## WHAT TO DO:
Exactly as written, reproduce the lines from the beginning of the data through the line containing "Partij kantoorartikelen en"; the pictures are not reproduced.

## RECORDED DATA:
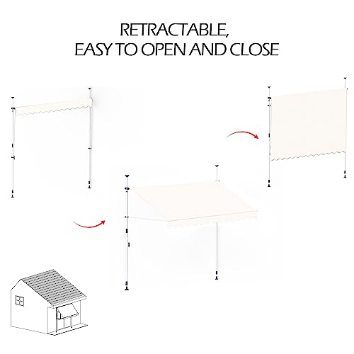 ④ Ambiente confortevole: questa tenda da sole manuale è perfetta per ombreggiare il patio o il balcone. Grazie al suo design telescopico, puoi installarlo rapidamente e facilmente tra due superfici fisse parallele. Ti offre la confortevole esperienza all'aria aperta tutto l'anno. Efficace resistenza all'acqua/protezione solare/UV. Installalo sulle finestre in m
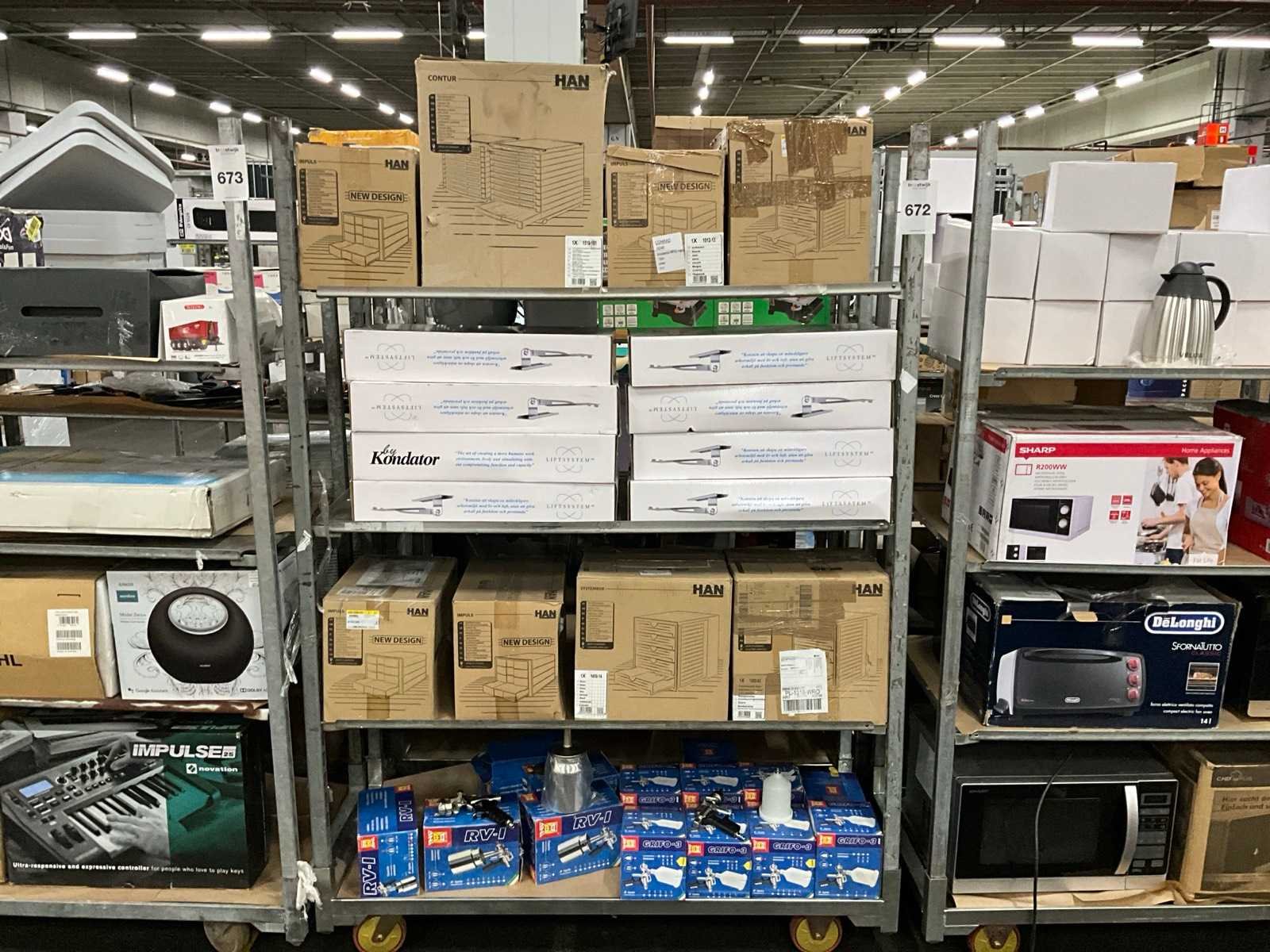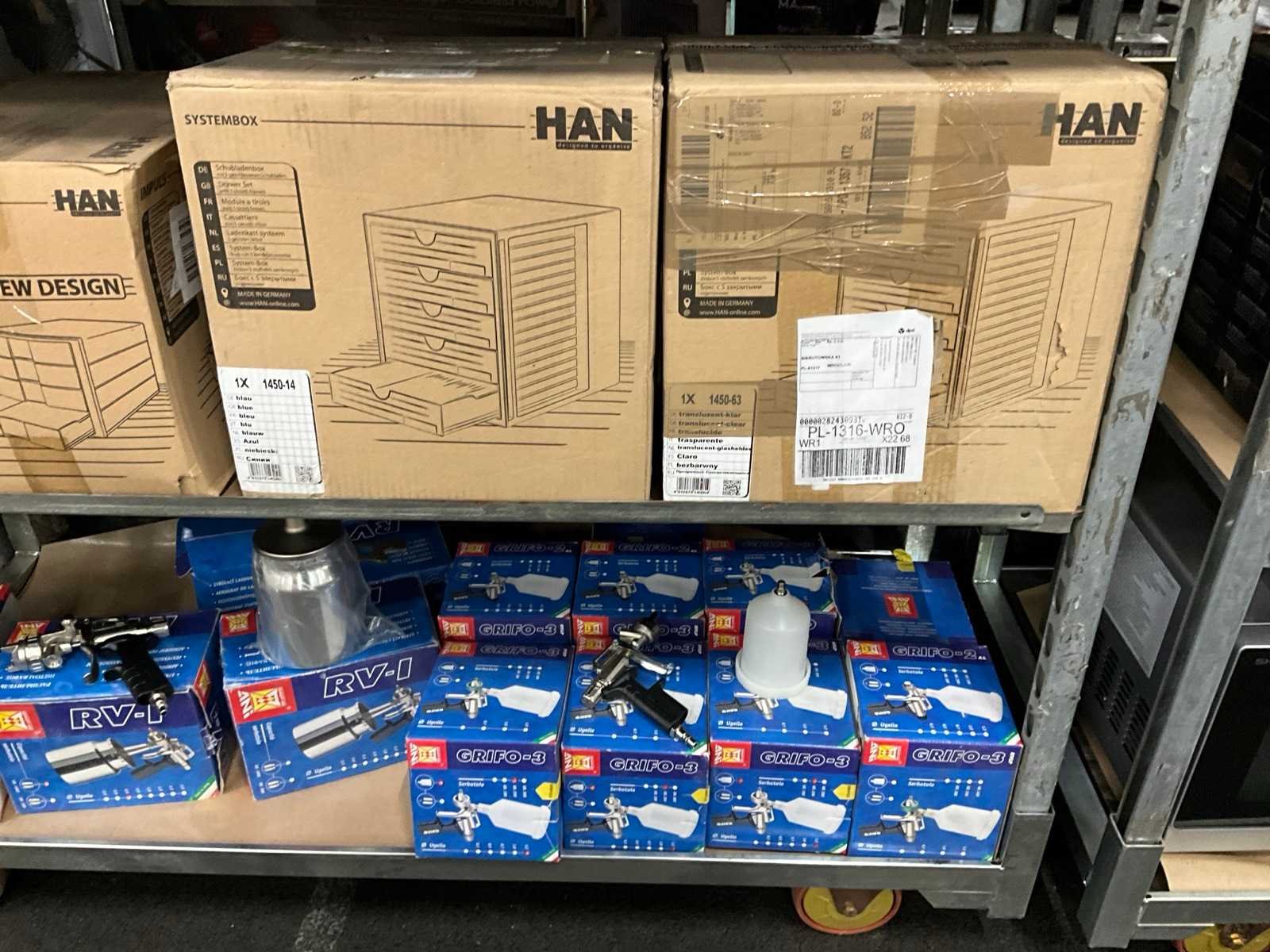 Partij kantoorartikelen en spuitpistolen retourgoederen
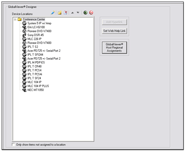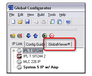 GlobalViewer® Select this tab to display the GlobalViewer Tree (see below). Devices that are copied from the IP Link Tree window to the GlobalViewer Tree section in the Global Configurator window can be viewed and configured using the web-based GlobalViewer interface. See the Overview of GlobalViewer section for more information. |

## SOLUTION FOR THIS TASK:
 ④ Ambiente confortevole: questa tenda da sole manuale è perfetta per ombreggiare il patio o il balcone. Grazie al suo design telescopico, puoi installarlo rapidamente e facilmente tra due superfici fisse parallele. Ti offre la confortevole esperienza all'aria aperta tutto l'anno. Efficace resistenza all'acqua/protezione solare/UV. Installalo sulle finestre in m
 Partij kantoorartikelen en spuitpistolen retourgoederen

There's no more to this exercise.